§ **Action item**
Here is the task for the records below: repeat exactly the lines from the one with "armed shown. |" to the one with "DETAILS Effortless style", both included, and nothing else.

§ **Given entries**

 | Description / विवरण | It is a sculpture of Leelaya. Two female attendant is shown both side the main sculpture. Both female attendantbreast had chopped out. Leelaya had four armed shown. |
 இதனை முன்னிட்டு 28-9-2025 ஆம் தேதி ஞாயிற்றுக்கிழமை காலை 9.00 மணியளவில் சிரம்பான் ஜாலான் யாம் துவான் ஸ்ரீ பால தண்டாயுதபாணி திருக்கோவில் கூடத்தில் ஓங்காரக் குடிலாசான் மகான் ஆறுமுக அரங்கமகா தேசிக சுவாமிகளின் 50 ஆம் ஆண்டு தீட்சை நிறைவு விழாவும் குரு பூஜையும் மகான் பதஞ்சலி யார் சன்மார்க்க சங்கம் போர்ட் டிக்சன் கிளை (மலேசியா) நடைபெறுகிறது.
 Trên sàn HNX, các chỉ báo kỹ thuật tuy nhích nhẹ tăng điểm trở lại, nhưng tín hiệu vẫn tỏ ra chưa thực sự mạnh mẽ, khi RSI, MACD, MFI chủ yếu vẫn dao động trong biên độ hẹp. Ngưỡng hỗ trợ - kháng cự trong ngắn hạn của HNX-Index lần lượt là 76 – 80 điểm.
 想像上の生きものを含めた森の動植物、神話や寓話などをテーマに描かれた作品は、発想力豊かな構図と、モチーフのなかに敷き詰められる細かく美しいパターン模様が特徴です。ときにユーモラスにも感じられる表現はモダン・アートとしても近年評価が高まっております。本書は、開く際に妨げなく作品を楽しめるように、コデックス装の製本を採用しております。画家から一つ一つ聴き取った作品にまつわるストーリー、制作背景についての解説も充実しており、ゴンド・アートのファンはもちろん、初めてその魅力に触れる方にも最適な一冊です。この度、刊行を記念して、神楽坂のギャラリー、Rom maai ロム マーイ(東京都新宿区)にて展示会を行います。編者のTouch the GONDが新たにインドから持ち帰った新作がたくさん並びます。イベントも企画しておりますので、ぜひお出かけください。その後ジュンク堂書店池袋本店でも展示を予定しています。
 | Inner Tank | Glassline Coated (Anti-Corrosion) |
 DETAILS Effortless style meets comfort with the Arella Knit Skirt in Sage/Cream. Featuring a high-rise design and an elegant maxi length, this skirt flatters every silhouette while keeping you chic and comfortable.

...

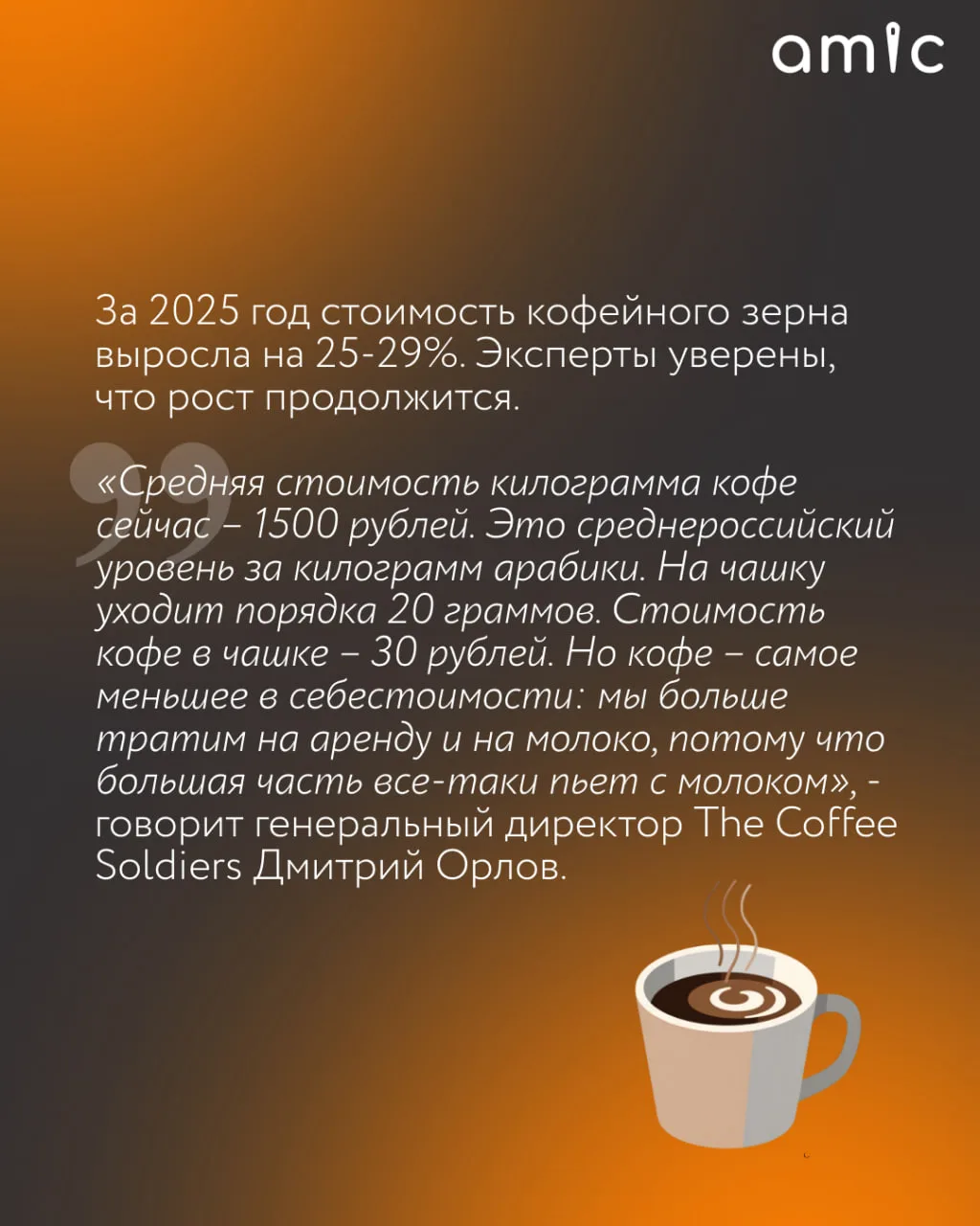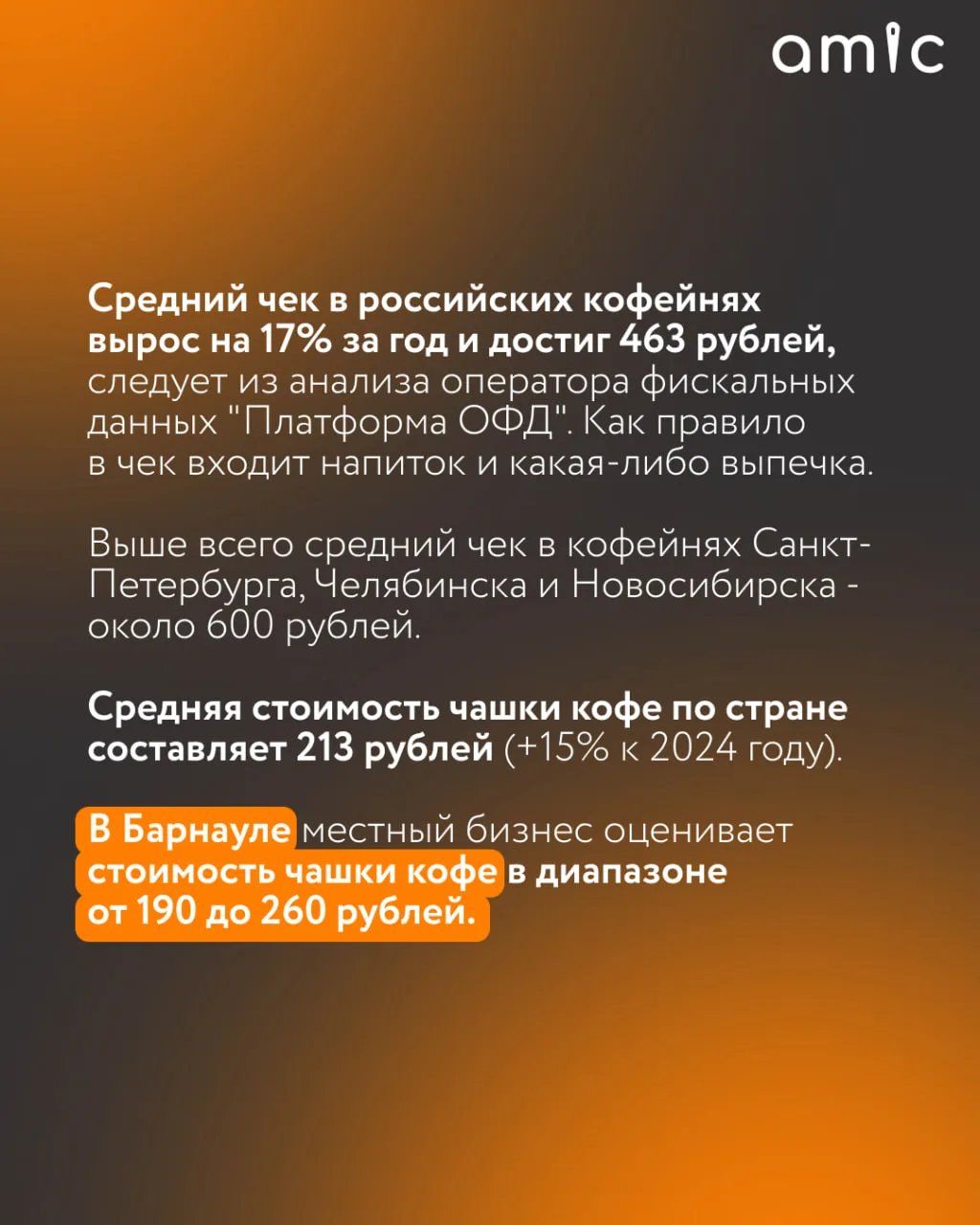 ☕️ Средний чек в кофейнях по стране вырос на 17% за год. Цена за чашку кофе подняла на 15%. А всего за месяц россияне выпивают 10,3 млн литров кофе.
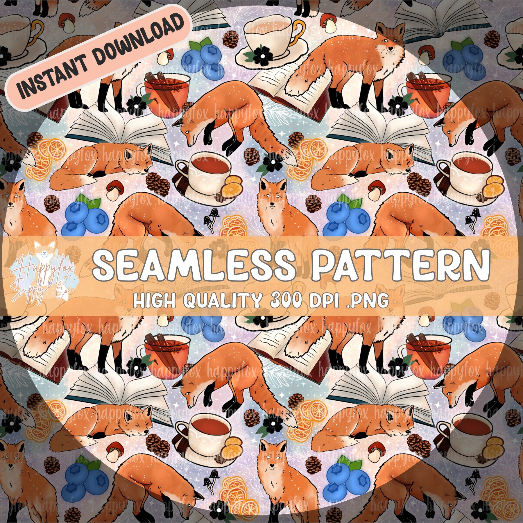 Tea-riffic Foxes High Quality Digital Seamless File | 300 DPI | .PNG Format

§ **Written response**
 | Description / विवरण | It is a sculpture of Leelaya. Two female attendant is shown both side the main sculpture. Both female attendantbreast had chopped out. Leelaya had four armed shown. |
 இதனை முன்னிட்டு 28-9-2025 ஆம் தேதி ஞாயிற்றுக்கிழமை காலை 9.00 மணியளவில் சிரம்பான் ஜாலான் யாம் துவான் ஸ்ரீ பால தண்டாயுதபாணி திருக்கோவில் கூடத்தில் ஓங்காரக் குடிலாசான் மகான் ஆறுமுக அரங்கமகா தேசிக சுவாமிகளின் 50 ஆம் ஆண்டு தீட்சை நிறைவு விழாவும் குரு பூஜையும் மகான் பதஞ்சலி யார் சன்மார்க்க சங்கம் போர்ட் டிக்சன் கிளை (மலேசியா) நடைபெறுகிறது.
 Trên sàn HNX, các chỉ báo kỹ thuật tuy nhích nhẹ tăng điểm trở lại, nhưng tín hiệu vẫn tỏ ra chưa thực sự mạnh mẽ, khi RSI, MACD, MFI chủ yếu vẫn dao động trong biên độ hẹp. Ngưỡng hỗ trợ - kháng cự trong ngắn hạn của HNX-Index lần lượt là 76 – 80 điểm.
 想像上の生きものを含めた森の動植物、神話や寓話などをテーマに描かれた作品は、発想力豊かな構図と、モチーフのなかに敷き詰められる細かく美しいパターン模様が特徴です。ときにユーモラスにも感じられる表現はモダン・アートとしても近年評価が高まっております。本書は、開く際に妨げなく作品を楽しめるように、コデックス装の製本を採用しております。画家から一つ一つ聴き取った作品にまつわるストーリー、制作背景についての解説も充実しており、ゴンド・アートのファンはもちろん、初めてその魅力に触れる方にも最適な一冊です。この度、刊行を記念して、神楽坂のギャラリー、Rom maai ロム マーイ(東京都新宿区)にて展示会を行います。編者のTouch the GONDが新たにインドから持ち帰った新作がたくさん並びます。イベントも企画しておりますので、ぜひお出かけください。その後ジュンク堂書店池袋本店でも展示を予定しています。
 | Inner Tank | Glassline Coated (Anti-Corrosion) |
 DETAILS Effortless style meets comfort with the Arella Knit Skirt in Sage/Cream. Featuring a high-rise design and an elegant maxi length, this skirt flatters every silhouette while keeping you chic and comfortable.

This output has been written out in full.